Strategy. Observe these quotes:

  1. “Microsoft wants video gamers to “finish the fight” when the last chapter of its Halo trilogy comes out next week, but a carefully crafted merchandising strategy will make sure the space-marine protagonist Master Chief lives on for years to come.”
  2. “Halo merchandise is a logical way to earn some extra revenue, and they are trying to collect on as many fronts as they can to turn Xbox into a profitable business,” said Matt Rosoff, an analyst with Directions on Microsoft.
  3. “We make money and making money is great because this is a business. But we want long-term money that satisfies the fan base, not money today,” said Steve Schrek, director of franchise development at Microsoft.
  4. “We are obviously looking to broaden Halo and make it accessible…while at the same time, we want to keep feeding our core audience.”
  5. “We’re very clear with them that this is not about running out and carpet-bombing everything. This is figuring out how in five years we’re hitting new customers as opposed to in five years nobody cares,” Schrek added.

Got that? The liminal take-away concepts here are:

  1. Microsoft is a “fighter brand”
  2. Committed to logic: which is expressed through business language as “revenue, profit”
  3. “Making money is great” - embedded social norm reinforcement.
  4. Franchise development… feeding… Hey, I feel like opening up a restaurant chain suddenly!
  5. Customers should be “hit” and not “carpet-bombed.”
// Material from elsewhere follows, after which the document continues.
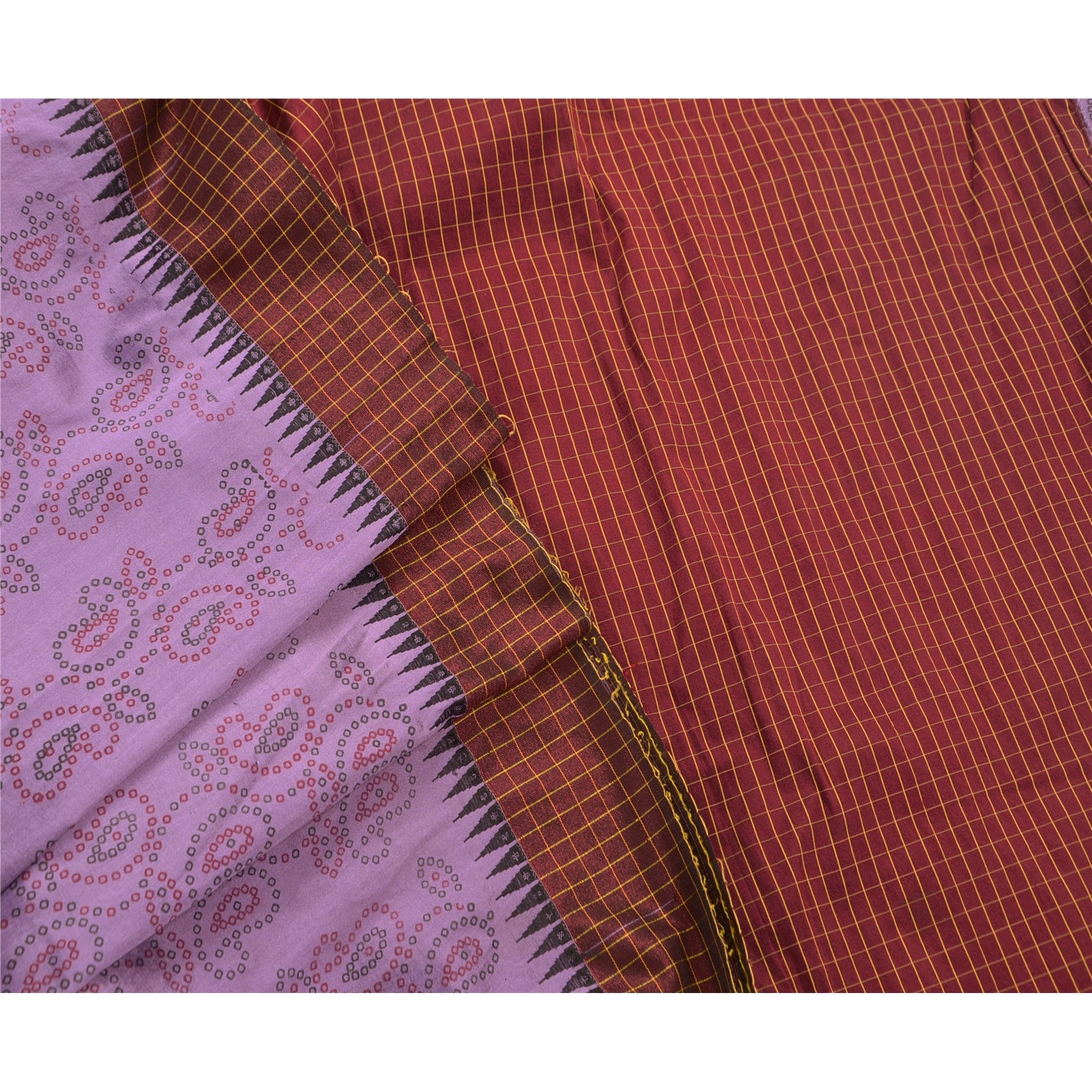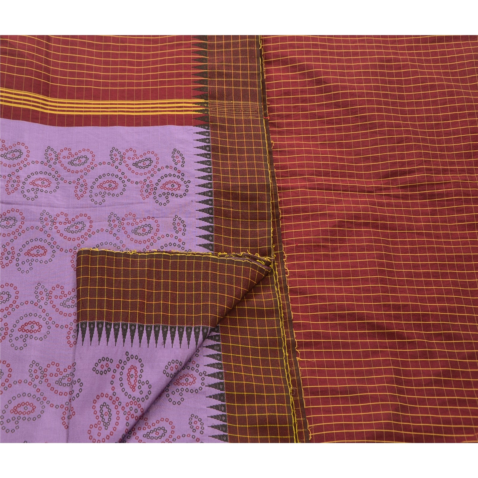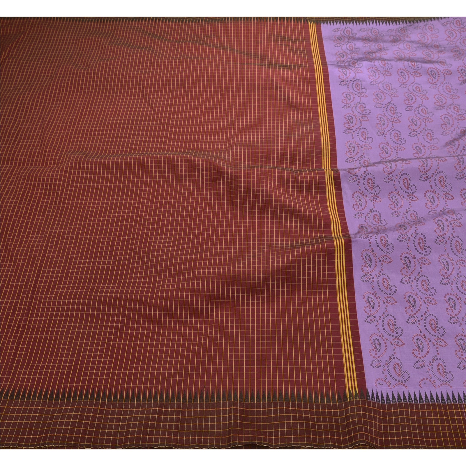 ? Красивое хлопковое сари темно-красного и фиолетового цветов. ? Pallu & Border имеет клетчатый рисунок, украшенный кремовым плетением, что делает сари восхитительным. ? В центральной части сари присутствуют цветочные и пейсли-мотивы с росписью. Что особенного в этом сари? Красивая роспись в сочетании темно-красного и фиолетового цветов на хлопковой основе из экологически чистой ткани действительно подчеркивает красоту сари. Это уникальное винтажное сари можно использовать для различных идей по рукоделию, даже если вы не хотите использовать его как сари. Спроектируйте платье, используйте его как покрывало, как окно Гардероб, обивка, саронги, столовое белье и многое другое. Дайте волю своим творческим способностям и используйте эту декорированную устойчивую ткань в различных вариантах.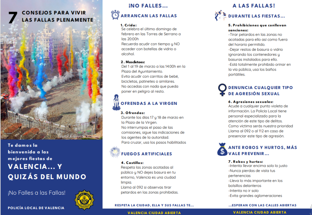 Bajo el lema es ‘No falles a las Fallas’, el tríptico está disponible de manera digital en la web del consistorio, con un QR enlazado para su descarga, y en las redes sociales municipales. Además, se ha elaborado en castellano, valenciano e inglés para llegar a todos los ciudadanos que visiten Valencia.

What kind of warrior lawyer micropoets do you guys have working for you? This is so flimsy! You can’t build a brand on this.







1 Reader Responses

  1. Tim Boucher Says:

    RealNetworks Pays Stealth Bloggers to Flog Big Brother Feeds
    http://www.wired.com/entertainment/theweb/news/2007/09/bigbrother

    “We wanted to be able to provide some unique voices and unique perspective on what was happening on the show for our fans,” Cho said. “We have actually three sponsored bloggers, and our own in-house blogger.” The in-house blogger is a Real editor who will interview the show’s cast from the set after this season’s finale Tuesday evening.

    The three stealth writers, whose sites are registered to Real and feature RealNetworks ads but aren’t otherwise identified as sponsored blogs, were selected because “each one of the bloggers has their own voice, their own perspective, and we don’t try to actively manage in any way or detract from their voice,” Cho said.

    Who am I Stealth Blogging For? Can you tell?